In a report, the IEA said renewable energy capacity additions are expected to rise this year to 320 gigawatts, which would equate to an amount that would come close to meeting Germany’s entire electricity demand. or the European Union’s total electricity production from natural gas.
The world added a record 295 GW of new renewable energy capacity – to generate electricity from solar, wind and other renewables – in 2021, overcoming supply chain challenges. supply, construction delays and high commodity prices, according to the IEA’s latest renewable energy market update.
Solar PV will account for 60% of global renewable energy growth in 2022, followed by wind and hydropower.
In the European Union, annual additions jumped nearly 30% to 36 GW in 2021, surpassing the previous block record of 35 GW set a decade ago.
The additional renewable energy capacity commissioned for 2022 and 2023 has the potential to significantly reduce the European Union’s dependence on Russian gas in the electricity sector. The actual contribution will depend on the success of parallel energy efficiency measures to control the region’s energy demand, the IEA said.
Growth in renewables this year is much faster than initially expected, driven by strong political support in China, the European Union and Latin America, which more than offsets slower-than-expected growth in the United States.
The U.S. outlook is clouded by uncertainty surrounding new wind and solar incentives and trade actions against solar PV panel imports from China and Southeast Asia. However, based on current policy parameters, global renewable energy growth is expected to slow next year.

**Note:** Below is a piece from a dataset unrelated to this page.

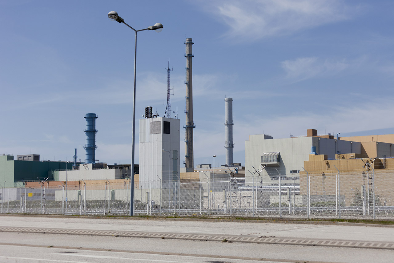 Contrast of the countryside scenery and the World’s largest nuclear fuel reprocessing facilities in La Hague, France.

The amount of renewable energy capacity added is expected to plateau in 2023 as continued advances in solar power are offset by a 40% decline in hydropower expansion and little change in wind power additions . As energy markets face a wide range of uncertainties, governments’ increased focus on energy security and affordability – particularly in Europe – is giving new impetus to efforts to accelerate deployment energy efficiency solutions and renewable energy technologies.
The outlook for renewables for 2023 and beyond will therefore depend to a large extent on the introduction and implementation of new and stronger policies over the next six months. The current growth in renewable energy capacity would be even faster without the current supply chain and logistical challenges.
The cost of installing solar PV and wind power plants is expected to remain higher than pre-pandemic levels throughout 2022 and 2023 due to high commodity and freight prices, reversing a decade of falling costs. However, they remain competitive because the prices of natural gas and other fossil fuels have risen much faster.
Global solar PV capacity additions are on track to break new records this year and next, with the annual market reaching 200 GW in 2023. Solar growth in China and India is accelerating, driven by strong support policy to large-scale projects, which can be done more cheaply than alternatives to fossil fuels.
In the European Union, solar installations on the roofs of households and businesses are expected to help consumers save money as electricity bills rise. Political uncertainties, as well as lengthy and complex permit regulations, prevent much faster growth of the wind industry. New onshore wind capacity fell 32% in 2021 after exceptionally high installations in 2020. New onshore wind capacity is expected to recover slightly this year and next.
New offshore wind capacity additions will drop 40% globally in 2022 after a huge jump in China as developers rushed to meet a subsidy deadline. Global additions will be more than 80% higher this year than in 2020.
China will overtake Europe at the end of 2022 to become the market with the largest total offshore wind capacity in the world.
Demand for biofuels recovered in 2021 from its pandemic lows to more than 155 billion liters, close to 2019 levels. Demand is expected to continue to grow – by 5% in 2022 and 3% in 2023. However, the impacts of Russia’s invasion of Ukraine contributed to a 20% downward revision to our previous forecast for biofuel growth in 2022.